Wherein, introducing is defined as: F (X, X ') is the auxiliary function of L (X), if L (X)≤F (X, X '), then when and only As L (X)=F (X, X '), equal sign is set up.
Wherein, the lemma of introducing are as follows: if F is the auxiliary function of L, L is non-increasing in following renewal sequence.
It is as follows for the proof procedure of above-mentioned lemma:
Since F is the auxiliary function of L, L (X(t+1))≤F(X(t+1), X(t)), and due to F (X(t+1), X(t))≤F(X(t), X(t))=L (X), therefore, L (X(t+1))≤L(X(t)), i.e. L is non-increasing in renewal sequence.
Wherein, the theorem of introducing are as follows: if function
For L (U0) auxiliary function, then convex functionU will be converged on0
After introducing formula, lemma and theorem, it can be obtained according to above-mentioned formula, lemma and theorem
Similarly, to the other parameters U of subsequent determinations、Vs、Ws、UtAnd VtConvergence formula convergence proof process with above-mentioned Parameter U0, details are not described herein again.
Based on above content, according to formulaRepeatedly For calculating parameter U0Current iteration valueUntil current iteration valueConvergence, and by convergent current iteration valueMake For parameter U0Convergency value
For above-mentioned determining parameter U0Convergency value mode, specifically:
Firstly, according to parameter U0、Us、Vs、Ws、UtAnd VtDimension at random be parameter U0、Us、Vs、Ws、UtAnd VtChoose one A initial valueWithFor example, if U0For 2 × 2 rank matrixes, then according to U0 Dimension at random be U.Choose an initial valueForDeng.
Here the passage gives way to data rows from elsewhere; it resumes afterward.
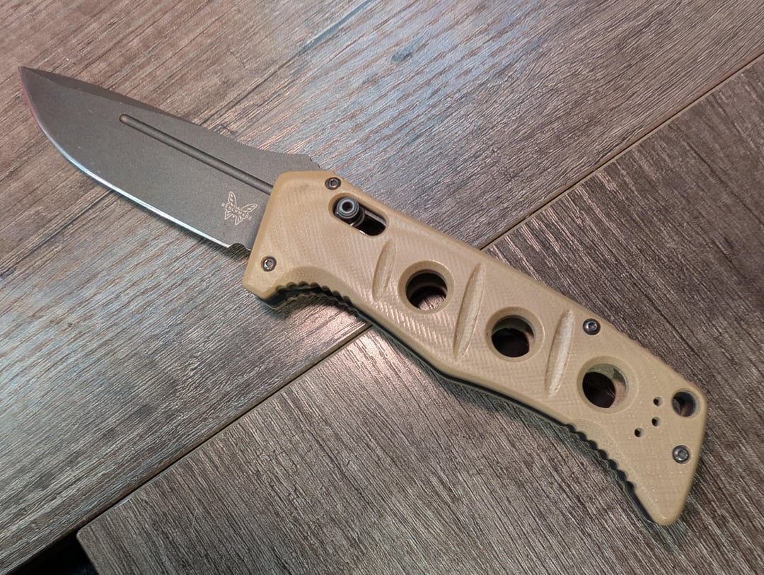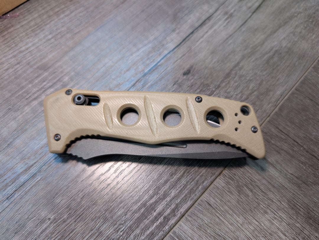 This is my Benchmade Auto Adamas with fresh new aluminum scales from Applied Weapons Technologies. Boy it looks so much better this way. Definitely elevates this knife. These are before and after, thoughts?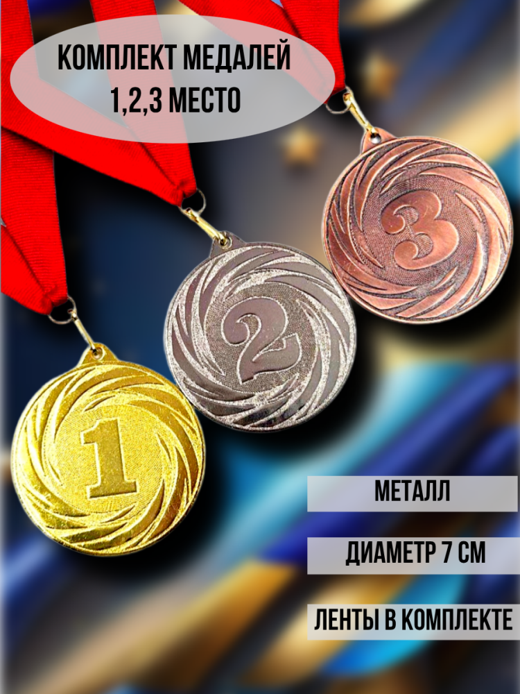 Комплект медалей 1, 2, 3 место — это отличный выбор для награждения участников соревнований или конкурсов. На изображении представлены три медали: золотая, серебряная и бронзовая, каждая из которых имеет диаметр 7 см и выполнена из металла.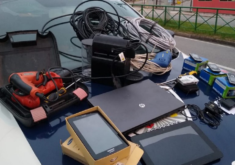 O suspeito, de 31 anos, foi abordado no momento em que retirava os equipamentos do local. Uma parte dos objetos já estava do lado de fora do depósito.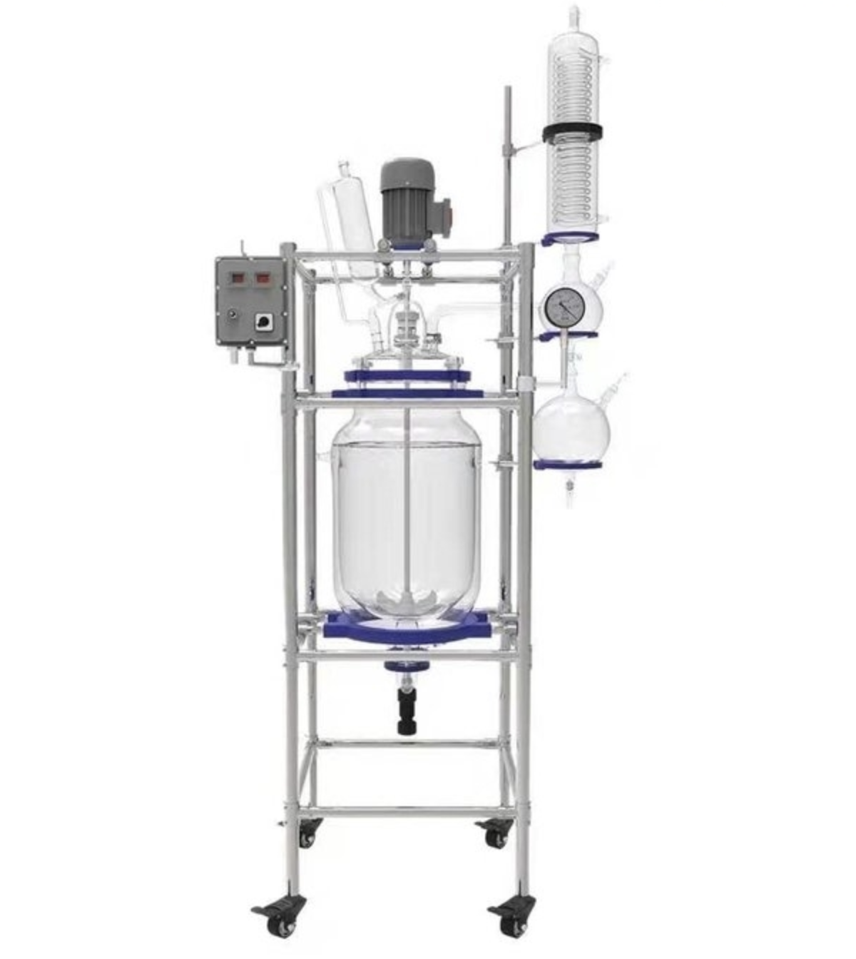 單層玻璃反應釜利用原裝的加熱油水兩用浴鍋,在恒溫條件下進行各種生化反應和合成反應,儀器全系統為封閉狀態,物料在常壓和負壓多種條件下進行氣化、蒸發、冷凝回流、濃縮和提純,一機多用,大容量玻璃反應釜適用于現代化學、精細化工、生物制藥、新材料合成的理想中試、生產系統設備。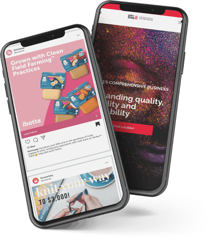 By improving your reach and visibility online with current and potential customers, Print Three Yonge’s social media management services will help you grow your brand by driving more traffic to your website, landing pages, and other relevant online channels. Paid social media advertising can get your products or services into consumers’ feeds instantly, while organic social media marketing is more cost-effective and flexible, with the ability to achieve other metrics besides pure sales (i.e. more engagement, more followers, newsletter and email list sign-ups, etc.).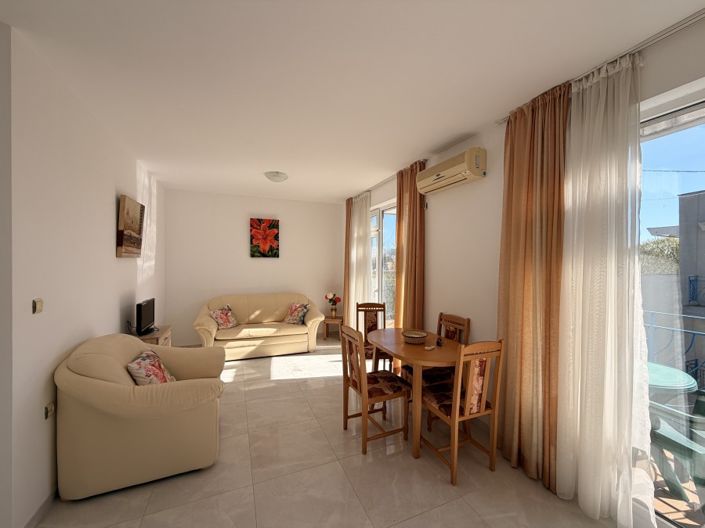 Dernier étage ensoleillé Appartement, 61,4 m2, ensoleillé Jour 4, 10 min à la mer KC Properties est heureux de vous offrir cette très ensoleillée et spacieuse 1 chambre Appartement, qui est situé dans un complexe résidentiel ensoleillé Jour 4 dans la plus grande station balnéaire en Bulgarie plage ensoleillée. La distance jusqu'à la célèbre plage de Cacao est d'environ 700 m (10 minutes à pied). Le complexe propose les installations et services suivants sur place: - piscine avec espace pour enfants; - réception; - sécurité; - Parking Frais d'entretien annuel de 580 EUR. La propriété a une superficie totale de 61,43 m2. Il est situé au 4ème étage - Dernier étage et comprend: - cuisine en plein air avec salon; - une chambre à coucher; - salle de bain et toilettes; - 2 grands balcons. La propriété est en très bon état elle est offerte entièrement Meublé et prête à vivre. Planchers en céramique dans le salon; cuisine équipée d'appareils électriques. Le Appartement bénéficie d'une abondance de lumière naturelle, ce qui le rend très chaud et lumineux. C'est un merveilleux Appartement qui peut être utilisé comme maison de vacances, louer ou pour vivre 4 saisons. Plage à 700 m. Acte 16.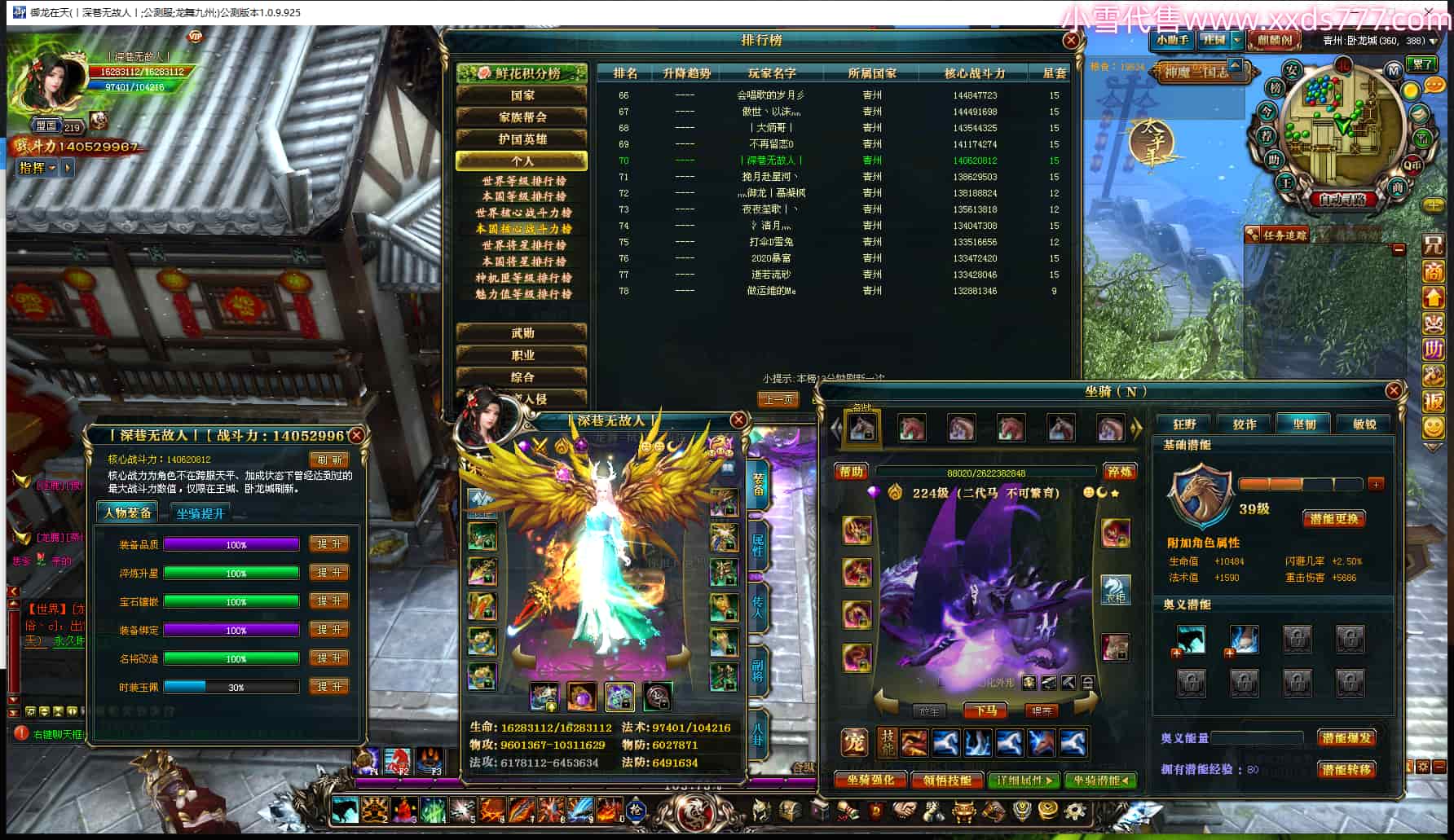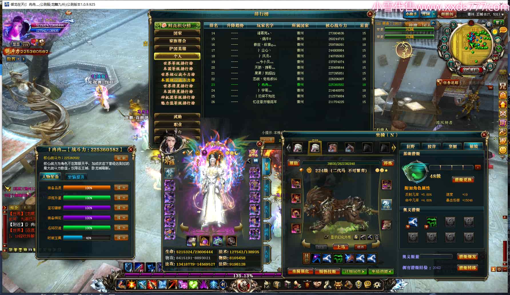 编号W24720 凉白开v丶 龙舞九州 青州 世界排名27名 36120W战力 人物混沌极品橙15X(3件18X) 传人黄金加强橙15X(1件18X) 副将史诗紫15X 马黄金精良橙13X(双潜能50级36级) 史诗紫17披风 人物星魂16级 传人星魂16级 副将星魂13级 马星魂16级 人物铭刻5件18级3件16级其余15级 点亮3件18星其余16星 马铭刻1件17级1件16级其余15级 点亮14星 人物紫龙印 马绿龙印 六等单双属性神圣完美石头 绿孔 已开完永久18星套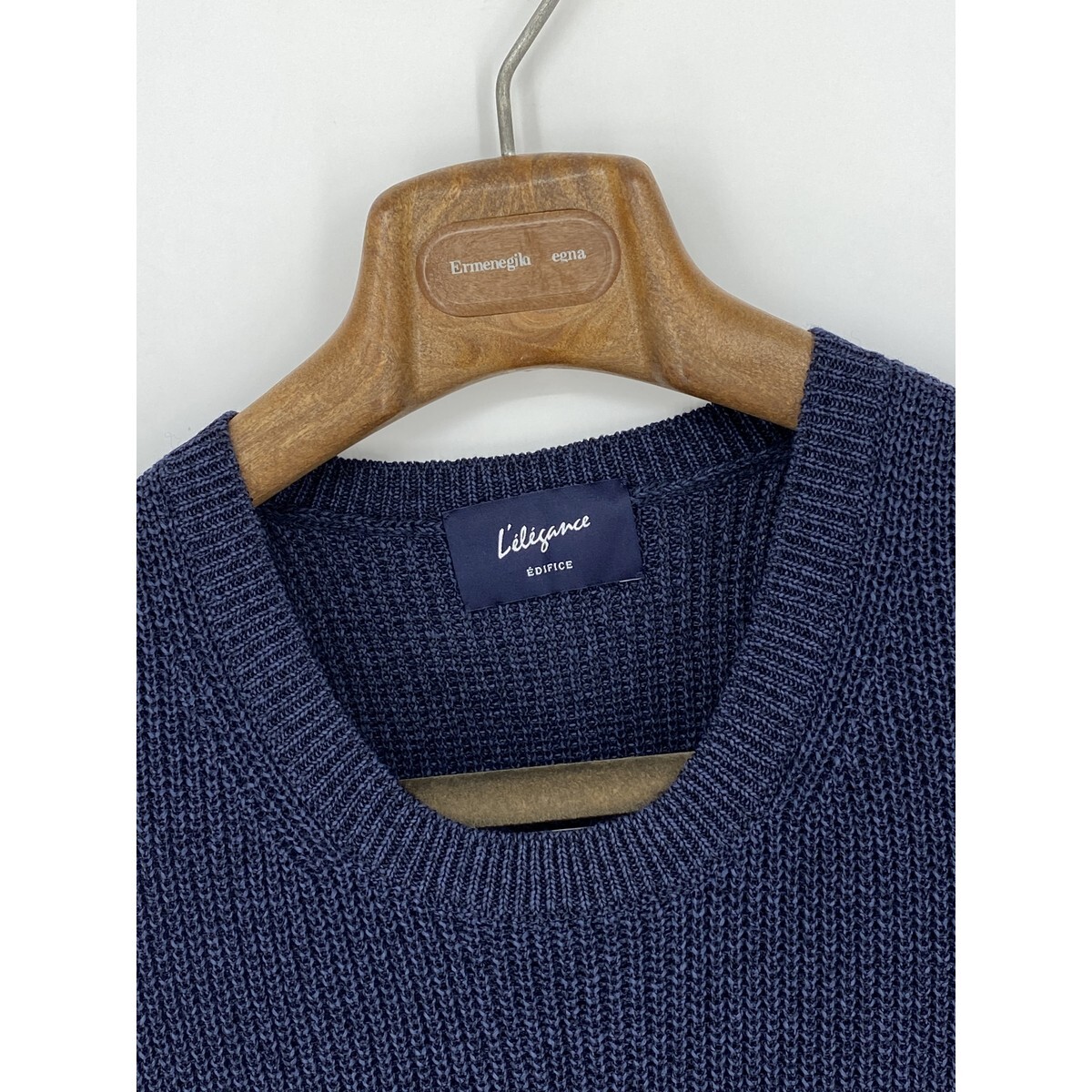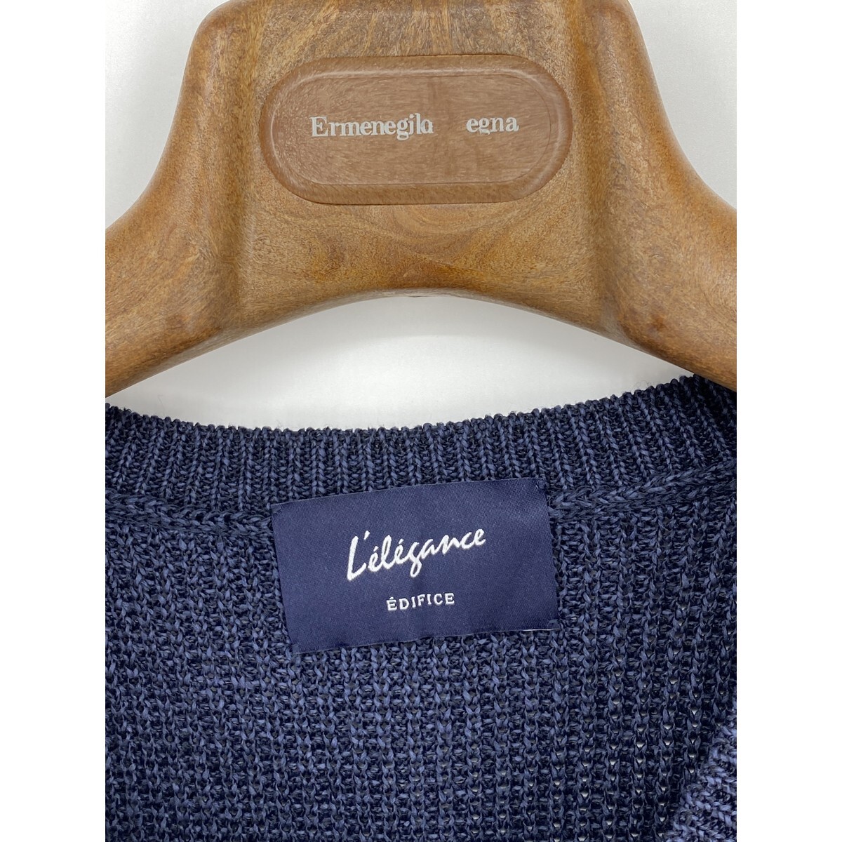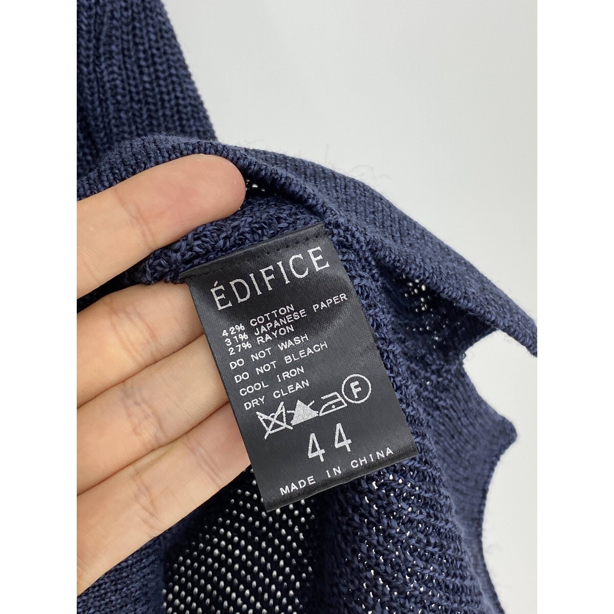 B0627/極美品 EDIFICE エディフィス Lelegance コットン 和紙 クルーネック ローゲージ ベスト ジレ ニット セーター 44 M 紺 青 メンズ

Secondly, by the initial value of the parameters of selectionWithIt is updated to FormulaIn, first time iteration is obtained by calculation Iterative value
Again, the current iteration value that will be obtainedIt is updated to
In, it is obtained by calculation second repeatedly The iterative value in generationContinue to obtained current iteration valueIt is iterated calculating, until current iteration valueConvergence, this When can be by convergent current iteration valueAs parameter U0Convergency value
(2) parameter U is determinedsConvergency value:
According to above-mentioned determining parameter U0Principle determine parameter UsConvergence formula are as follows:
Wherein, LSFor the coefficient matrix of the field specific topics matrix of source domain.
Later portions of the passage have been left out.